THE TASK:
Give again the lines of the data from its first line through the line with "Terpercaya Setelan baju". Change nothing.

++++

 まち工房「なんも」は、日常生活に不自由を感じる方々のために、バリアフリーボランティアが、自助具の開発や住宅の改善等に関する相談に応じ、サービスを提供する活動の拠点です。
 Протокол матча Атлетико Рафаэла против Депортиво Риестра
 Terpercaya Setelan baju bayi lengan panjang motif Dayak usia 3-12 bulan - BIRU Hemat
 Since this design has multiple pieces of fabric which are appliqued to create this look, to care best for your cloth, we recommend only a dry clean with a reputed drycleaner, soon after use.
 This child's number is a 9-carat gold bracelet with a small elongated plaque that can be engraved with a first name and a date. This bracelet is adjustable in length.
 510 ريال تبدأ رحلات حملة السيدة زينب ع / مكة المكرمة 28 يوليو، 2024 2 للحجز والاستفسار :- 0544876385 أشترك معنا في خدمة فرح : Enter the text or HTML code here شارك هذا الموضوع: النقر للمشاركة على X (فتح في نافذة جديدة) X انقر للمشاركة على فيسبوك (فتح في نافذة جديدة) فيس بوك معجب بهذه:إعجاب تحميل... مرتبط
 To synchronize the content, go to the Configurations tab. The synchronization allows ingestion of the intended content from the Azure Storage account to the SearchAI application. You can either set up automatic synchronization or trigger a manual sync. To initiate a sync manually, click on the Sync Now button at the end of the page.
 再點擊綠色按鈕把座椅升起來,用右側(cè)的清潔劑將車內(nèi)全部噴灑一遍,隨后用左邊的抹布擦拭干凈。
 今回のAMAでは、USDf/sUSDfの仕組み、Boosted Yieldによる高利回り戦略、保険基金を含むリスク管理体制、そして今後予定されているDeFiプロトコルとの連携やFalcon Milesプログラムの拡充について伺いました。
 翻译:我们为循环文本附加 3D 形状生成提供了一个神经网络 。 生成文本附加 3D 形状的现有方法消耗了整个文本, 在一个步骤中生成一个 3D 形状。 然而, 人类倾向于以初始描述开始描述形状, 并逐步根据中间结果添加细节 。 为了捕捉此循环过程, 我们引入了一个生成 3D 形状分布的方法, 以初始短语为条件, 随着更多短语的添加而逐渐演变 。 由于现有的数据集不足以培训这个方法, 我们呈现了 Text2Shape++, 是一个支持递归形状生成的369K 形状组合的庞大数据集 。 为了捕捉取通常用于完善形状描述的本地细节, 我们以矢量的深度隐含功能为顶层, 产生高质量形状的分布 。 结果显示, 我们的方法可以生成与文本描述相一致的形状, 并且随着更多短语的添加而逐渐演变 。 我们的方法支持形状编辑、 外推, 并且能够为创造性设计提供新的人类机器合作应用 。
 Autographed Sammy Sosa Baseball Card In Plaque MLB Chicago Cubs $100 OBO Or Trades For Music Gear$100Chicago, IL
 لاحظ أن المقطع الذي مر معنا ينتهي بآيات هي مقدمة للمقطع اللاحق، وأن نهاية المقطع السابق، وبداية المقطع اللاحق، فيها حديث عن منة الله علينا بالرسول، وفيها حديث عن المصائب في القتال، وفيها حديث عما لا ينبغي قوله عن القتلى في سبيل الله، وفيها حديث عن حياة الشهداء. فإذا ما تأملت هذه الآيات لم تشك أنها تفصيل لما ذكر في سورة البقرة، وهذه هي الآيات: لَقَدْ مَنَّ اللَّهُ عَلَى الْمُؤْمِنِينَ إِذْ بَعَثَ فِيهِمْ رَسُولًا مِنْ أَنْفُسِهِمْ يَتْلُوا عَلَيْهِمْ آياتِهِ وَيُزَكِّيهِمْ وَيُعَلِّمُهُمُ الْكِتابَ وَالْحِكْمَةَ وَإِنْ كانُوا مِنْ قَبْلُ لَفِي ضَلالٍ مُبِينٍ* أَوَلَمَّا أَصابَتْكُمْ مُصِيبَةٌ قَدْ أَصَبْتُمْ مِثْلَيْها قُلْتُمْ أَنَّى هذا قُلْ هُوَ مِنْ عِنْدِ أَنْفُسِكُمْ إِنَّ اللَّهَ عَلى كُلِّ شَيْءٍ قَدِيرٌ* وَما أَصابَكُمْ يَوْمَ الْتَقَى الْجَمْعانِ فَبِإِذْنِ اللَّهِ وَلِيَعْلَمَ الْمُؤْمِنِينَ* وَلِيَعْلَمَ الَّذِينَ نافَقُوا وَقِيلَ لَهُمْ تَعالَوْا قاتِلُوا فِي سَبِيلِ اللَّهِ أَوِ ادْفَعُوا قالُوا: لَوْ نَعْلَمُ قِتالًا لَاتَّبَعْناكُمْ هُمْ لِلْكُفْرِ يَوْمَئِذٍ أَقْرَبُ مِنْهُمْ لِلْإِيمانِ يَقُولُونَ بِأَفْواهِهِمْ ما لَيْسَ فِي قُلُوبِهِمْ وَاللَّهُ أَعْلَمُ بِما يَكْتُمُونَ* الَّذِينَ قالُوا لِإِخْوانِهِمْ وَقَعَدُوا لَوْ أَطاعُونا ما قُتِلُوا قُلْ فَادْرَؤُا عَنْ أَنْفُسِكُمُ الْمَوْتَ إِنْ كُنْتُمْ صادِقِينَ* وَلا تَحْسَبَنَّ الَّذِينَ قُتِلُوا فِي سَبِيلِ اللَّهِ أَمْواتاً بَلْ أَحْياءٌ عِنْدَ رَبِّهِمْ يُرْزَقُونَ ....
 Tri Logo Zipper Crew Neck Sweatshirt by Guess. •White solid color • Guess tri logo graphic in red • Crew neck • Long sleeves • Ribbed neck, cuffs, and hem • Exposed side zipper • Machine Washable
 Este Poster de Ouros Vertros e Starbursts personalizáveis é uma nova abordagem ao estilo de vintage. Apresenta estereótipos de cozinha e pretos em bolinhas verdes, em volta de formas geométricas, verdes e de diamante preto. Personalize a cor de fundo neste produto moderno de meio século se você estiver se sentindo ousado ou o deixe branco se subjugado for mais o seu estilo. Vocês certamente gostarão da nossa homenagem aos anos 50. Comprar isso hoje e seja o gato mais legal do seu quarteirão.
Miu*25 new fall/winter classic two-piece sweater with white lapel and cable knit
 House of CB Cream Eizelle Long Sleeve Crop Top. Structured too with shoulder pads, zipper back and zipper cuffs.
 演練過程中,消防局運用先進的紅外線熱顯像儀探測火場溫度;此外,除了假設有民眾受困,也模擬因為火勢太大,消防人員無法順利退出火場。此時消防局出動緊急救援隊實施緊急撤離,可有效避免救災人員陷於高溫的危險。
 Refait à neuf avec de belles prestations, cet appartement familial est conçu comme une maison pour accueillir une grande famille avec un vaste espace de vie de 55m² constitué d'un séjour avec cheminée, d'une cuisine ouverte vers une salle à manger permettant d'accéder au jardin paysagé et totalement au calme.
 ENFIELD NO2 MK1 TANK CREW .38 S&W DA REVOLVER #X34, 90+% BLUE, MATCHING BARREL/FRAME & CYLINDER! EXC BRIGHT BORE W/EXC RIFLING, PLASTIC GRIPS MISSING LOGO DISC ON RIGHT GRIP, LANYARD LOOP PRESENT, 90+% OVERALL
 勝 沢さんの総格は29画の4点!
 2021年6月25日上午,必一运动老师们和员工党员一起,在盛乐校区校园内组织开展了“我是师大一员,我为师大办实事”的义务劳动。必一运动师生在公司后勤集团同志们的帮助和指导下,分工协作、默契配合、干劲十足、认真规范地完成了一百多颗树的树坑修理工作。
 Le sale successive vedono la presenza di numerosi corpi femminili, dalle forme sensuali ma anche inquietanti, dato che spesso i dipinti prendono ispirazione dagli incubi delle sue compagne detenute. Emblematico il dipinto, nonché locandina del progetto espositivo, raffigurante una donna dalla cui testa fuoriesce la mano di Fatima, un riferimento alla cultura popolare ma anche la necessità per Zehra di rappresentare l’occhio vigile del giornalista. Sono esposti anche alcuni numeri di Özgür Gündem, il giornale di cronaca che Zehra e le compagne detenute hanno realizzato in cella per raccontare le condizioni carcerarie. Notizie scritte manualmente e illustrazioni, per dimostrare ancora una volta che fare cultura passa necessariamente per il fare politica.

++++

TASK OUTPUT:
 まち工房「なんも」は、日常生活に不自由を感じる方々のために、バリアフリーボランティアが、自助具の開発や住宅の改善等に関する相談に応じ、サービスを提供する活動の拠点です。
 Протокол матча Атлетико Рафаэла против Депортиво Риестра
 Terpercaya Setelan baju bayi lengan panjang motif Dayak usia 3-12 bulan - BIRU Hemat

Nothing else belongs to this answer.